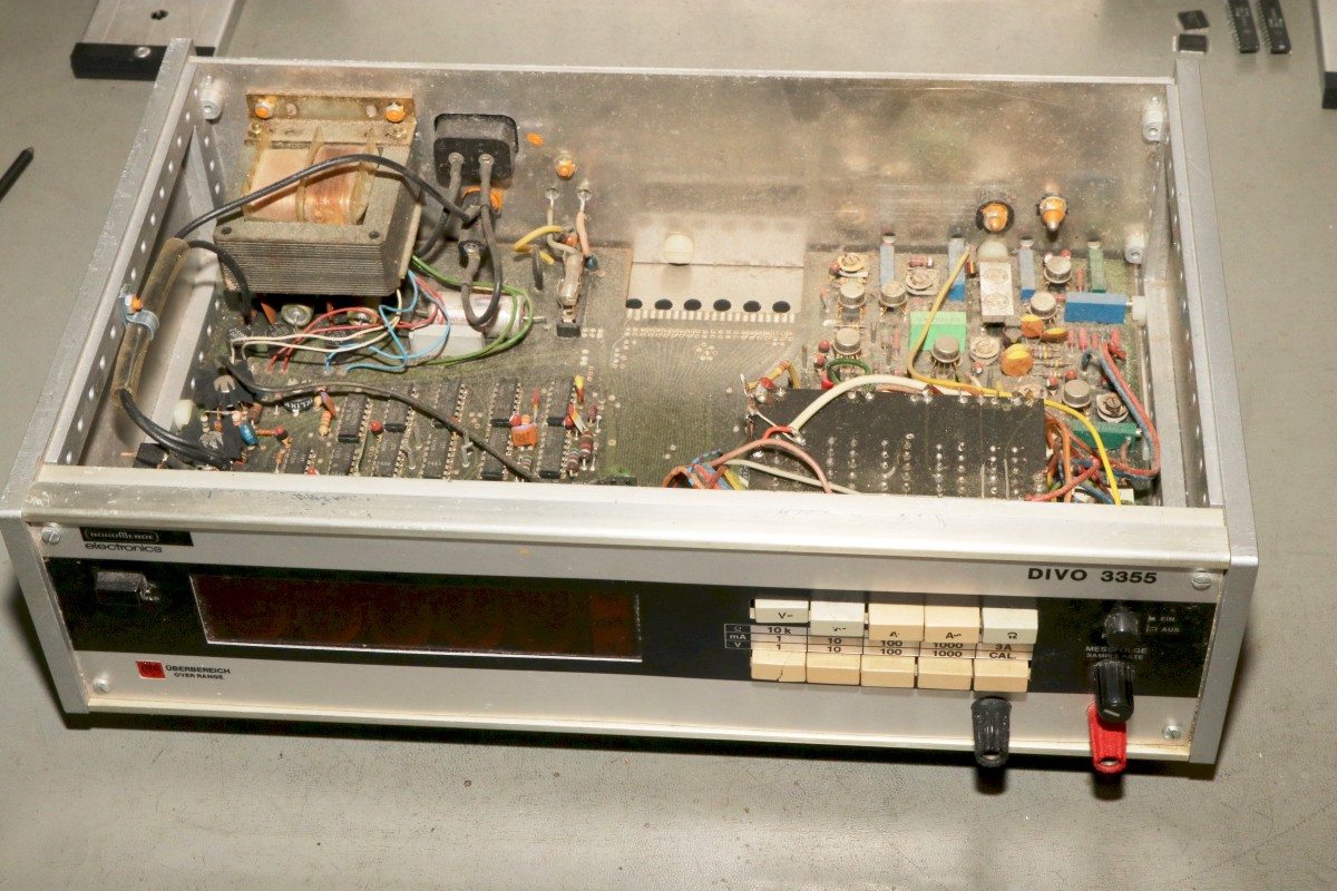 {Nordmende DIVO 3355} Manche Geräte sind erst auf den zweiten Blick interessant. Dazu gehört dieses Tischmultimeter von Nordmende. Nordmende hat Messgeräte gebaut? Wusste ich bis gerade eben auch nicht! Dieses hier ist mit hübschen Nixie-Röhren und mit spannender Technik. Es ist das erste Multimeter mit Dual Slope A/D-Wandlung in TTL-Technik, welches mir in die Finger gefallen ist... Vielen herzlichen Dank an Fatwookiee für die tolle Spende! Der Aufbau ist rustikal. Bemerkenswert: die Messrate lässt sich stufenlos einstellen - bis 5 Messungen/Sekunde. Das Innenleben ist übersichtlich: Operationsverstärker und 74xx TTL-Bausteine. Die OPVs sind von der feinen Sorte und manche Bausteine sind mit Absicht thermisch gekoppelt - das Design ist schräg aber durchdacht... Demnächst mache ich hier mal Kehrwoche. 7490 - die Dezimalzähler für die Dual-Slope-Zeitmessung... Von vielen gierig ausgeschlachtet, von mir nur gerne im Gerät gesehen: ZM1000 Nixies als Anzeigeelemente. Und ja, mit Radio-Buttons hatte Nordmende ja im Radio-Bereich schon ausgiebige Erfahrung... Das Netzteil ist sehr konventionell aufgebaut: +/-15V für die OPVs, 5V für die Logik und 170V für die Nixies - alles über vier einzelne Trafoausgänge. Und hier lauert auch gleich das erste Problem: der Trafo wird schnell sehr heiß, die Nixies glimmen nur sinnlos... Windungsschluss! Der 5V-Linearregler liegt separat - man sollte sich die Kabelfarben merken. Der Trafo ist nur mit der Rückwand verschraubt. Sauber gearbeitet, gut beschriftet, kaputt. Das ist nicht reparabel.. Zumindest in Kombination mit den 170V wird da kein Ersatztyp auffindbar sein und neu wickeln lohnt sich nicht. Da werde ich jetzt wohl sehen müssen, woher ich passende Spannungsversorgungen bekomme. Ein Plan: Trafo mit 20-0-20V und 10V und ein 170V Aufwärtswandler... Ich bin gespannt! {Der Ersatztrafo ist da!} Ein freundlicher Forist hat mir aus einem Ersatzgerät einen originalen Trafo zur Verfügung gestellt. An dieser Stelle ein herzliches Dankeschön!! Der Ersatztrafo hat keine getrennten Kammern mehr, dafür ist er sicher extra gut isoliert... Hoffentlich. Ich hab gleich mal die alten Kabel an den neuen Trafo gelötet... Mist. Zu kurz. Also sauber neu verkabelt... Der Trafo wird immer noch heiß... Jetzt wird gemessen. Der Eingangsgleichrichter ist es nicht. Satter Kurzschluss. Das hatte ich auch noch nie. Der Eingangselko hat nicht nur an Kapazität, sondern auch an Widerstand verloren. Neuer Elko und schon geht auch das Netzteil. Der alte Trafo ist somit an sattem Kurzschluss gestorben - wofür sind eigentlich die Sicherungen da? Leider habe ich jetzt eine statische Anzeige - es tut sich absolut nichts. Ich werde weiter suchen müssen. |
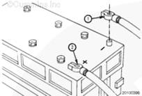 蓄電池可能會(huì )有易爆性氣體逸出。為了盡可能避免人身傷害,在維護蓄電池前,必須保持發(fā)動(dòng)機艙通風(fēng)良好。為避免產(chǎn)生電弧,應最先拆下并最后連接蓄電池負極 (-) 電纜。
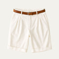 Men's Chino Shorts - Double Pleat - Leather Belt - Turnup Cuff
----
→ Exercise goal
The reply should repeat the data in full, exactly as given, and contain no pictures.

→ Answer section
 {Nordmende DIVO 3355} Manche Geräte sind erst auf den zweiten Blick interessant. Dazu gehört dieses Tischmultimeter von Nordmende. Nordmende hat Messgeräte gebaut? Wusste ich bis gerade eben auch nicht! Dieses hier ist mit hübschen Nixie-Röhren und mit spannender Technik. Es ist das erste Multimeter mit Dual Slope A/D-Wandlung in TTL-Technik, welches mir in die Finger gefallen ist... Vielen herzlichen Dank an Fatwookiee für die tolle Spende! Der Aufbau ist rustikal. Bemerkenswert: die Messrate lässt sich stufenlos einstellen - bis 5 Messungen/Sekunde. Das Innenleben ist übersichtlich: Operationsverstärker und 74xx TTL-Bausteine. Die OPVs sind von der feinen Sorte und manche Bausteine sind mit Absicht thermisch gekoppelt - das Design ist schräg aber durchdacht... Demnächst mache ich hier mal Kehrwoche. 7490 - die Dezimalzähler für die Dual-Slope-Zeitmessung... Von vielen gierig ausgeschlachtet, von mir nur gerne im Gerät gesehen: ZM1000 Nixies als Anzeigeelemente. Und ja, mit Radio-Buttons hatte Nordmende ja im Radio-Bereich schon ausgiebige Erfahrung... Das Netzteil ist sehr konventionell aufgebaut: +/-15V für die OPVs, 5V für die Logik und 170V für die Nixies - alles über vier einzelne Trafoausgänge. Und hier lauert auch gleich das erste Problem: der Trafo wird schnell sehr heiß, die Nixies glimmen nur sinnlos... Windungsschluss! Der 5V-Linearregler liegt separat - man sollte sich die Kabelfarben merken. Der Trafo ist nur mit der Rückwand verschraubt. Sauber gearbeitet, gut beschriftet, kaputt. Das ist nicht reparabel.. Zumindest in Kombination mit den 170V wird da kein Ersatztyp auffindbar sein und neu wickeln lohnt sich nicht. Da werde ich jetzt wohl sehen müssen, woher ich passende Spannungsversorgungen bekomme. Ein Plan: Trafo mit 20-0-20V und 10V und ein 170V Aufwärtswandler... Ich bin gespannt! {Der Ersatztrafo ist da!} Ein freundlicher Forist hat mir aus einem Ersatzgerät einen originalen Trafo zur Verfügung gestellt. An dieser Stelle ein herzliches Dankeschön!! Der Ersatztrafo hat keine getrennten Kammern mehr, dafür ist er sicher extra gut isoliert... Hoffentlich. Ich hab gleich mal die alten Kabel an den neuen Trafo gelötet... Mist. Zu kurz. Also sauber neu verkabelt... Der Trafo wird immer noch heiß... Jetzt wird gemessen. Der Eingangsgleichrichter ist es nicht. Satter Kurzschluss. Das hatte ich auch noch nie. Der Eingangselko hat nicht nur an Kapazität, sondern auch an Widerstand verloren. Neuer Elko und schon geht auch das Netzteil. Der alte Trafo ist somit an sattem Kurzschluss gestorben - wofür sind eigentlich die Sicherungen da? Leider habe ich jetzt eine statische Anzeige - es tut sich absolut nichts. Ich werde weiter suchen müssen. |
 蓄電池可能會(huì )有易爆性氣體逸出。為了盡可能避免人身傷害,在維護蓄電池前,必須保持發(fā)動(dòng)機艙通風(fēng)良好。為避免產(chǎn)生電弧,應最先拆下并最后連接蓄電池負極 (-) 電纜。
 Men's Chino Shorts - Double Pleat - Leather Belt - Turnup Cuff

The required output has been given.